Poi , all’opinione su Stalin come “vero marxista” , credo sia meglio non rispondere ; penso che rispondere non abbia nemmeno senso .
@Paolo Selmi
Leggerò la tua traduzione e complimenti per la tua scelta sul servizio civile .
Il mio ideale regolativo non è sostituire lo Stato Nazionale , con un Super Stato Nazionale più grande . Ma riarticolare forme e pratiche di antagonismo tra capitale e lavoro attraverso tutti i livelli ( che siano percepiti come locali , glocali , metropolitani , regionali , continentali , globali , transtatali ecc ) e pensare ai diritti sociali e civili come appartenenti non al cittadino , ma alla persona , quale che sia il luogo del mondo in cui si trova . Non esiste una ricetta prestabilita per questa idea regolativa , se non ogni volta che se ne ha l’occasione allargare le frontiere della democrazia ( non solo formale , ma materiale ) e dell’emancipazione ( civile e sociale ) alla “parte dei senza parte” . Stare quindi ogni volta dalla “parte dei senza parte” , secondo la nota formula di Rancière .
capisco al 100% il tuo punto di vista, ma perdonami perché no, non torno a Marx e butto un secolo di lotte insieme all'acqua sporca... lo devo a mio nonno, a mio padre, lo devo pure a te, Mario (ho la sensazione che tu abbia più di 44 anni e sia maggiore di me... e quindi qualche lotta in più di me tu l'abbia fatta), e a tutti quelli che ho conosciuto e che mi hanno fatto diventare quello che sono, e che - aggiungo - ci hanno fatto diventare quello che siamo. E che, giurin giuretta concludo per davvero, non conosciamo neppure, perché dall'altra parte di un muro dove erano tutti sporchi, cattivi, mangiavano i bambini, ma che al solo nominarne lo spettro qui i padroni calavano le braghe. La prova del nove ce l'hai con le grandi conquiste operaie ottenute da quando non c'è più l'URSS, anzi, da poco meno di dieci anni prima, quando morivano tutti di raffredore (fa freddo da quelle parti...) e han capito che non poteva fare paura più a nessuno. A parte in Rocky IV, Rambo III e Invasion USA con Chuck Norris che difende il patrio suolo a stelle e strisce dall'invasione... cubana (sic!).
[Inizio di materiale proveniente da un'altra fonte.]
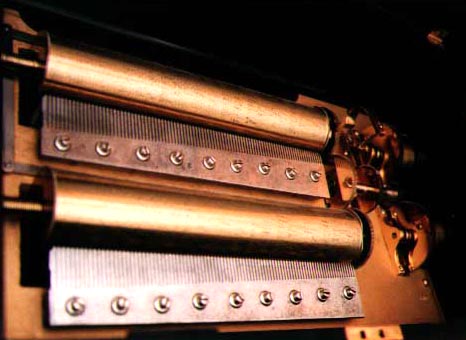 2本のシリンダーが同時回転しながら交代で演奏する。

Un'ultima cosa, Mario. Proprio perché abbiamo avuto un laboratorio lungo un secolo, parliamo di ricette, davvero. Non è tempo buttato via. Primo perché in epoca di pensiero unico, da oriente a occidente, non lo fa nessuno. Vuoi sapere cosa dice un "marxista" cinese dei brani di Marx (di MARX, non dei brutti sporchi cattivi seguenti) che stiamo citando? Che sono come le barzellette con bestemmia di Berlusconi agli occhi di un compiacente cardinale... che vanno "contestualizzate". Quindi Marx parla di proprietà sociale? Va contestualizzato... Parla di piano? Va contestualizzato... parla di superamento del modo capitalistico di produzione? Va contestualizzato... dal marxismo al marxianesimo (sono marxiano ma non marxista...), dal marxianesimo alla marxologia, dalla marxologia al marxume, e da quello... al marciume ideologico di un relativistico, eclettico, hard discount dove ognuno pesca qualcosa di ciò che vuole.
Parliamo quindi di ricette. Per esempio, io e Anna abbiamo avuto uno scambio davvero molto proficuo. Alla fine lo scoglio da affrontare non era proprietà sociale si proprietà sociale no, non era pianificazione si pianificazione no: non ritieni che sia un grande passo avanti, visto che su questi due punti c'è gente che si dice non "comunista così", ma "comunista così!!!!", alla Mario Brega, ma che poi difende l'indifendibile, chiama marxismo ciò che non lo è, e dice che la Cina si incammina a grandi passi verso il socialismo? Un socialismo... che va contestualizzato, come le barzellette col porco finale di B. Chierici di tutto il mondo, unitevi...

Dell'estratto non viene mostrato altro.